··· DATASET ···

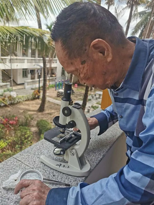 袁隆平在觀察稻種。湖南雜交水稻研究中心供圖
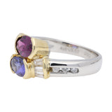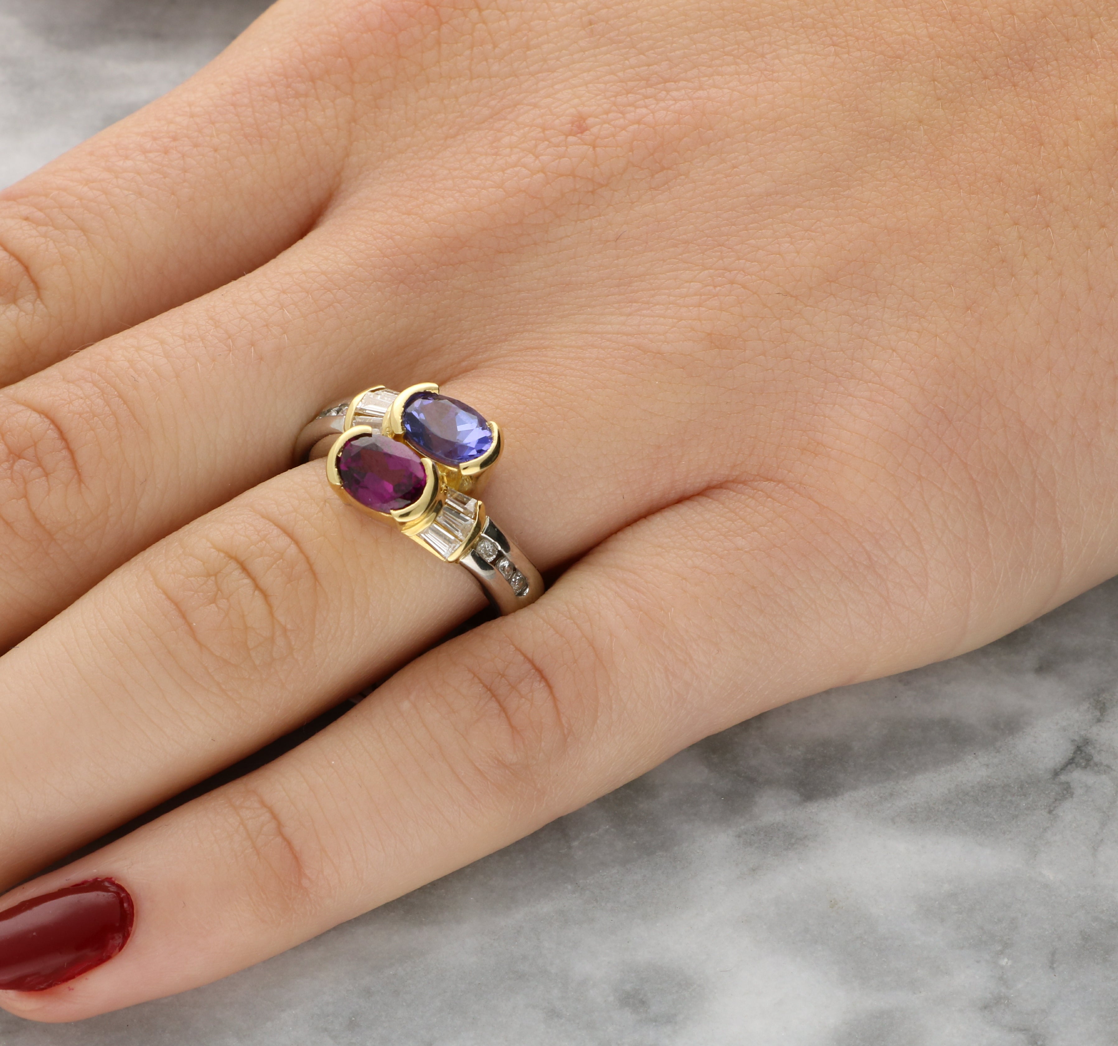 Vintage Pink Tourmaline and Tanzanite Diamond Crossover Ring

···
··· DATASET ···

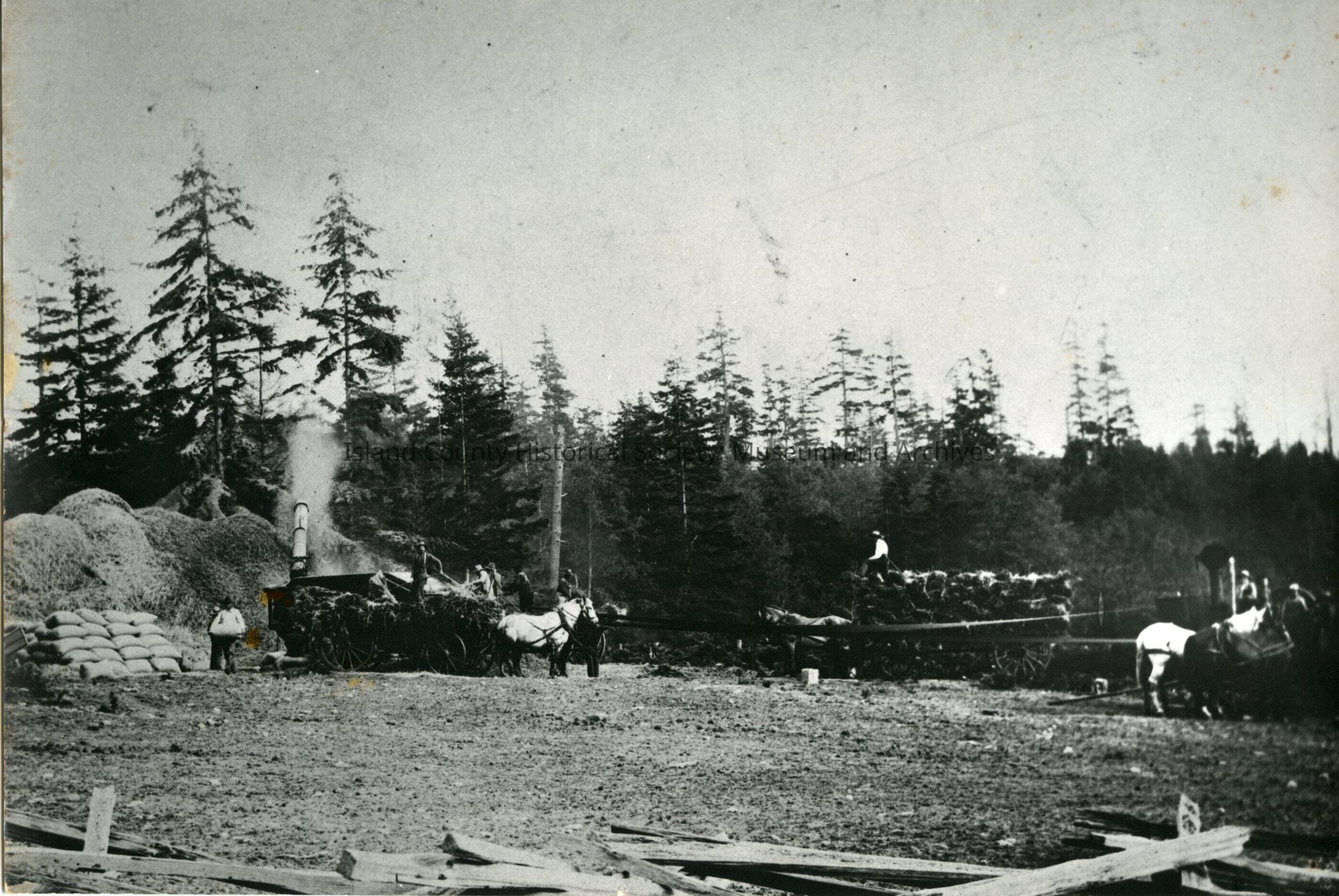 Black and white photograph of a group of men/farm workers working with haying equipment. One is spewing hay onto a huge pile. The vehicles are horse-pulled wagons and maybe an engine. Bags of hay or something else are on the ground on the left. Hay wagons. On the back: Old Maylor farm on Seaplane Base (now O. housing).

···
··· DATASET ···

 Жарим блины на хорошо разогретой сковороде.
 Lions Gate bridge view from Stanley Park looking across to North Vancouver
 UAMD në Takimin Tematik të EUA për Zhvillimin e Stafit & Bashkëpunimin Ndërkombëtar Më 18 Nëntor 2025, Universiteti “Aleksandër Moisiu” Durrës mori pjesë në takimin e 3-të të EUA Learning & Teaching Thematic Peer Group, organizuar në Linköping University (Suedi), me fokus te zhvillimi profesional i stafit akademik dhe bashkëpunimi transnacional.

···

▶ WHAT IS NEEDED: Your answer should be the exact lines above from the one with "Lions Gate bridge" through the one with "UAMD në Takimin", both included, and nothing besides.

▶ RESULT:
 Lions Gate bridge view from Stanley Park looking across to North Vancouver
 UAMD në Takimin Tematik të EUA për Zhvillimin e Stafit & Bashkëpunimin Ndërkombëtar Më 18 Nëntor 2025, Universiteti “Aleksandër Moisiu” Durrës mori pjesë në takimin e 3-të të EUA Learning & Teaching Thematic Peer Group, organizuar në Linköping University (Suedi), me fokus te zhvillimi profesional i stafit akademik dhe bashkëpunimi transnacional.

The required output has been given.